I was thinking of something like this: The customer has chosen to not have de-icing chemicals applied unless requested by them, therefore they assume all responsibility and liability for injury and or damage that may be caused by slippery conditions.

Do you have any thoughts or suggestions on this?


----------



## getsum (Jan 7, 2011)

added a couple things:

The customer has chosen to not have any form of de-icing chemicals or materials applied unless requested by the customer themselves, therefore the customer assumes all responsibility and liability for any slips, falls, accidents or damage of any kind due to inclement weather or slippery conditions."

This is a good start in my opinion maby others will chime in


----------



## blee1ash (Mar 22, 2006)

I like that. It sounds much more lawyer-ish than what I had.
Thank you.


----------



## Mick76 (Aug 2, 2009)

Have your lawyer fine tune your contract with your concerns.... it'll be the best $ you could spend... advice on the internet is free so take it for what its worth......


----------



## Wayne Volz (Mar 1, 2002)

*Sign off*

We have our clients sign off separately if they accept or decline snow and ice melting materials. Here's an example from one of our contracts. If you decide to use something, be sure to have your legal adviser make sure it's right for you.
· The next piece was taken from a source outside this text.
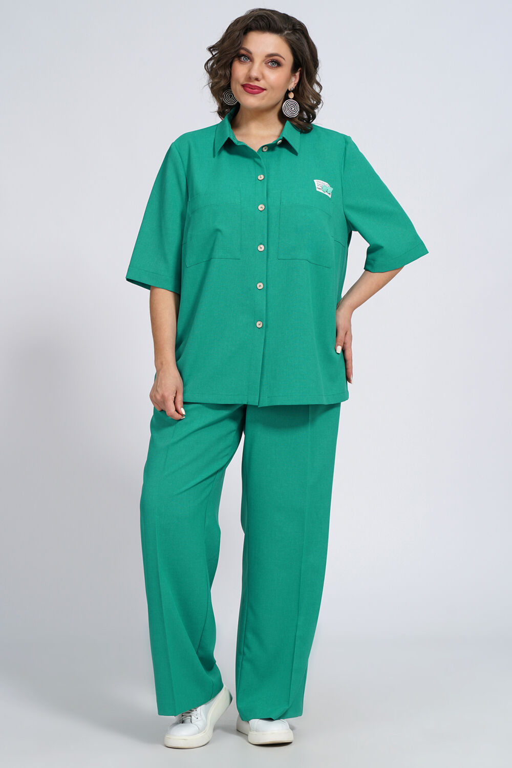 Ткань плательно-костюмного ассортимента,лен-вишер.Блуза женская прямого, свободного силуэта, с центральной застёжкой по цельнокроеной планке на петли и пуговицы. Декорированная нашивкой верху левого накладного кармана.
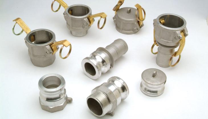 Manufactured from aluminium, brass or 316 stainless steel, the leak-proof couplings, available in a range of sizes (from 0.5in to 6in), handle working pressures of up to 250psi (18 bar). A lightweight polyglass option offers excellent chemical resistance.

It will be money well spent.

I DO __X___ DO NOT _____ want an ice melting product applied if weather conditions warrant an application. ____________ Initials 
I DO __X____ DO NOT _____ want an ice melting product applied after plowing. ___________ Initials

Also, make sure you have something in your contract that explains to your clients your complete procedures for these applications as well.

Great thinking about this separate sign off area for ice melting materials. It will certainly help eliminate the "I thought you were gonna" and help define who has the responsibility for the applications.


----------